The Worried Well: Am I Getting Early Alzheimer’s?
“Some days I can’t remember a person’s name, and it really bothers me. I am afraid that I am getting Alzheimer’s.” This common worry plagues a large group of people, the “worried well”.
The reality is that everyone occasionally forgets names of people and places. These lapses increase as we age, or when we are distracted, under stress, or sleep deprived. Forgetting a word from time to time is not a sign of Alzheimer’s disease.
When Should You Worry?
Here is a quick overview of changes in cognition and activity that may signal a cause for concern.
- Memory Loss. One of the more noticeable symptoms of Alzheimer’s is forgetting recently received information. The memory loss is persistent and interferes with one’s ability to live normally. The person will repeatedly ask the same question. A person who occasionally forgets a word or name is not in this category. If you can recall the person’s name later, you are not in this category.
- Sense of time. As we age, time tends to speed up. However, healthy people remain grounded in time, knowing the date and the year and being aware of major current events.
- Sense of place. Most of us also have no difficulty in navigating to and from familiar places. It is a worrisome sign if someone starts to get lost in familiar territory.
- Planning and Executing. We all have our own systems for organizing and completing tasks, albeit some seem to work better than others! These systems break down with Alzheimer’s. Signs include taking a long time to complete routine tasks, heightened disorganization, or inability to complete tasks, such as preparing a meal, putting together a “to do” list, or paying bills.

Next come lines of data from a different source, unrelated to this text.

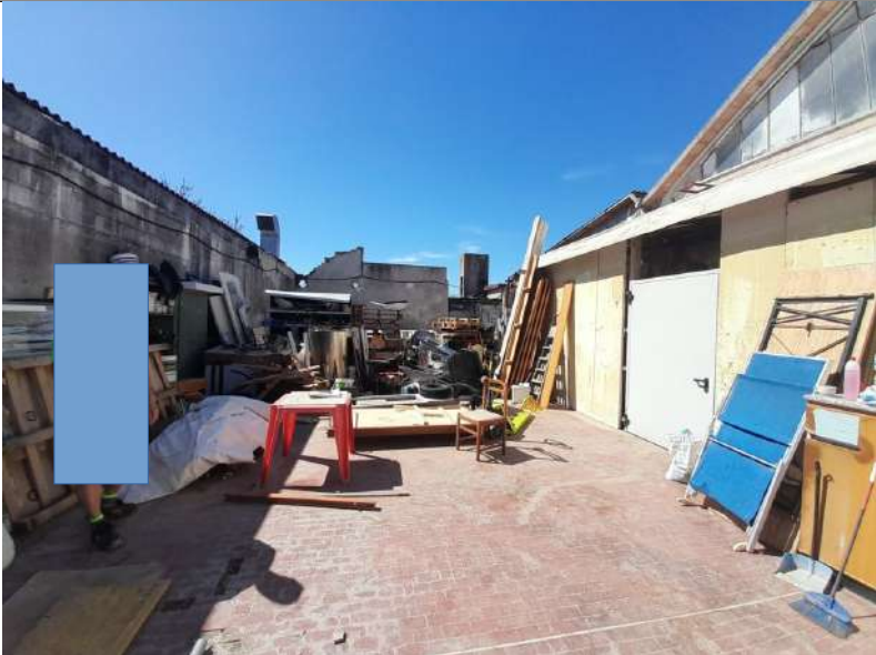
Foto 4.22. – Edificio B (privo di copertura): interno dal portone di ingresso di foto precedente
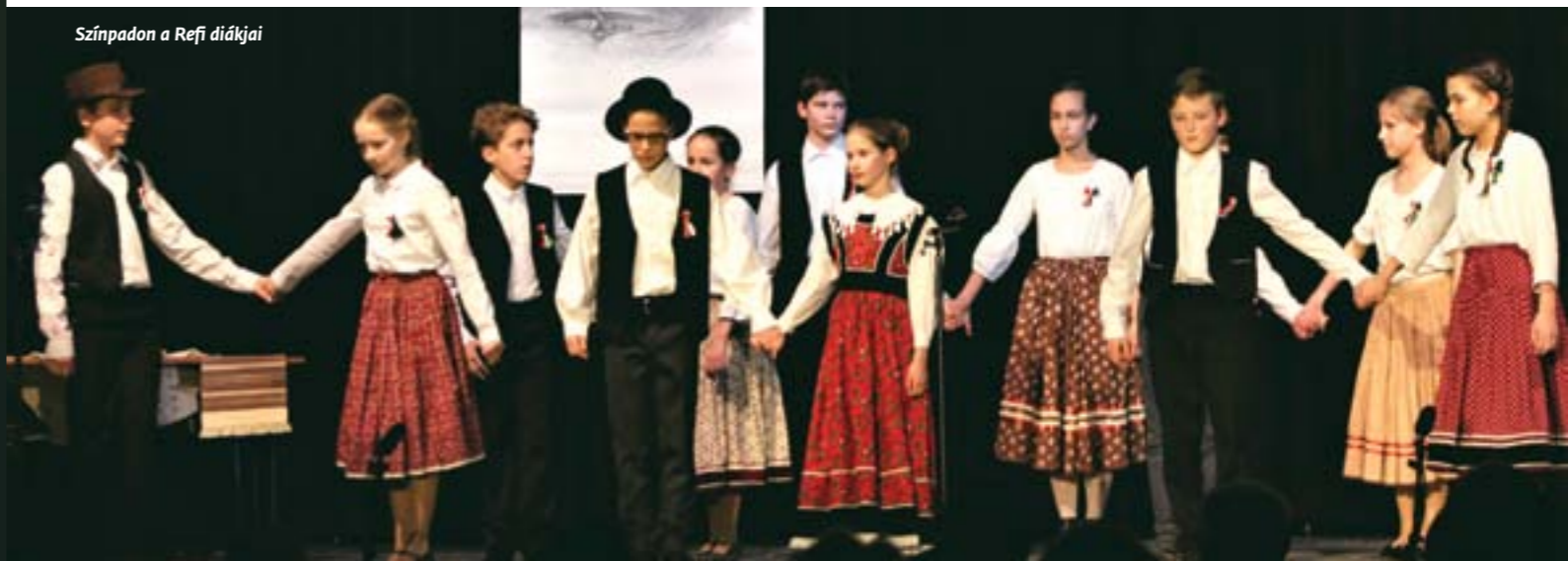
Színpadon a Refi diákjai
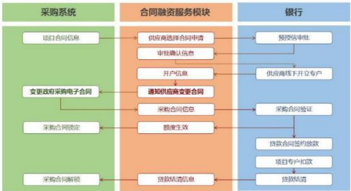
已签订采购合同申请流程
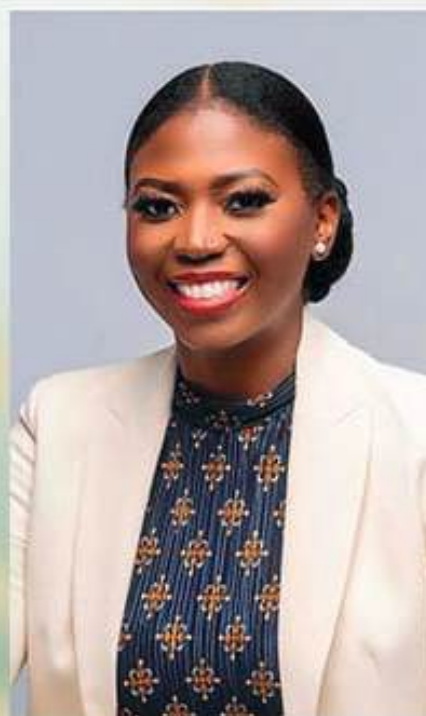
Especialista em ortodontia e periodontia
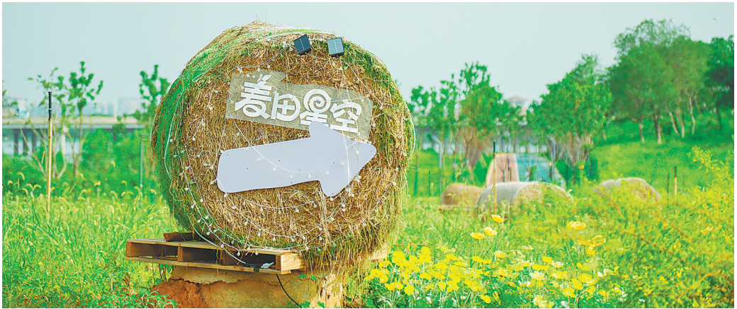
小麦收割后,秸秆被制作成一个一个“瑞士卷”草垛。
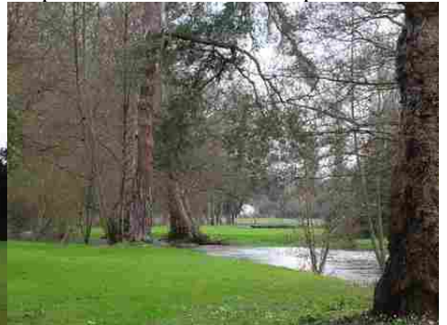
Les berges de l'Iton

Il est préférable d'éviter les constructions qui viendraient au dessus de la ligne de paysage existante (maison à deux niveaux, bâtiments agricoles de type silo, château d'eau, éolienne...). Les projets éoliens ne doivent pas se trouver dans l'axe majeur du château à moins de nuire irrémédiablement à son caractère.
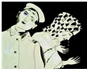
Couple de paysans, départ pour la guerre

En 1914, Chagall est en Russie, piégé par la déclaration de guerre. Il assiste depuis son village de Vitebsk aux déplacements des populations, aux départs des soldats à la guerre, au transport des blessés. Dans son travail, l'artiste témoigne des ravages de la guerre. Il nous livre une chronique réaliste de ses observations à travers une série de dessins noirs et blancs, des œuvres qui constituent un étonnant théâtre d'ombres.
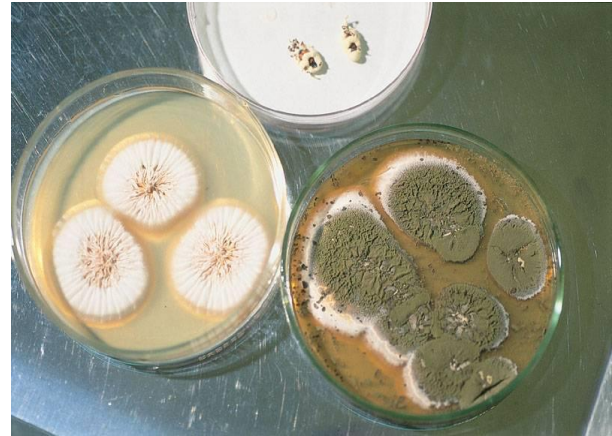
Hongos géneros Beauveria y Metarhizium

mismo se ve seriamente afectado por la emisión de otras sustancias (metabolitos secundarios como dextrinas, citocalasinas) que produce el hongo y que en el interior del insecto, provocan serias alteraciones fisiológicas. Estas sustancias en asocio con el crecimiento vegetativo del hongo, producen la muerte del insecto en el término de 4 a 8 días.

- Misplacing items. It is common to misplace items, but people usually find them by looking in common storage spots, or retracing their steps. People with Alzheimer’s lack the ability to retrace steps. Further, their sense of judgment may be impaired, so they may place items in uncommon places. This tendency is why you hear stories of laundry being stored in the freezer.
Some Good News
Getting Alzheimer’s is not an inevitable part of aging. Try to ignore the drumbeat of the current suggestive messaging that is influenced by the desire to raise funds for research. In fact, there is increasing data from both the United States and Europe that indicate that the prevalence of Alzheimer’s is declining.
There is no cure for Alzheimer’s. However, studies have shown that exercise, even moderate walking alone, and the adoption of a Mediterranean diet may protect against Alzheimers. Last, try to get some sleep, and stop worrying!